Friday 4 January 2013

#561 Self reflection Part 2

So I have come to it. What do I think about myself. Well clearly I let stress get to me, if it isn't obvious enough, if you see me after a race and the next person is 0.5 secs away I start to worry and think I suck. Which is so bad, and I tend to freak out in my head and I think too much. Yes thats it.

This year, I have done a silly thing.

Silly indeed, over thinking every. single. thing. Till it brought me to a point that I have my priorities all fogged and blurry, not knowing what really matters anymore. Its true when they say over thinking kills, not physically of course, mentally, slowly. It hurts loved ones and does uncountable silly things.


The only thing I regret so deeply, is not trusting God enough. With my life I mean. Not trusting that He knows best, and He has only nothing less than the best in mind. Sighs, hurting so many people in the process is so remorseful.


Thankfully and gratefully, the hardest part of 2012 is over. But then there came SPM, and I spent hours locked away in my room, apart from preparing myself to face the fact that my brother is thousands of miles away. Silly me again for denying that and actually thinking it to be a mere nightmare. Scarily, this nightmare became a reality for me. Ngeh, so easy to fake a smile so no one will know whats actually inside. And I tend to be so fake sometimes, ha, that is my confession.

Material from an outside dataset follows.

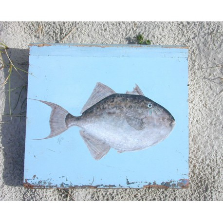 Peinture originale sur bois flotté, motif de baliste, 42 x 47 x 5 cm, par Diane Loranchet.

So this comforts me so much. Knowing that every hardship and circumstances around me only make me who I am today. And that perseverance brings character. Hopefully, because God knows what He is doing. I pray everyday, for the strength to stay strong and to trust Him no matter how funny life gets and no matter how hazy things may be, how unclear chances are. I just have to pray for the faith of a child, that will believe just about anything. And I definitely need to pray for more discipline, to pray for others, and of course do my devotions everyday- not just when I'm free. Just because it's the least I can do. Heh.

Sorry, but thats just me, losing my brother to a faraway land has been hard for the family, this close knitted bunch of people we call family. Any hows, we survived. FEAR NOT, my 2012 wasn't so bad. There were many occasions, endless in fact, where I have to just thank God for everything nice and wonderful. Like getting the Selangor Olahragawati (which is the first I got besides school) and of course so many other running opportunities, open doors, and definitely walking me through SPM.


I still can't believe God didn't give up on me. BUT THAT'S MY GOD.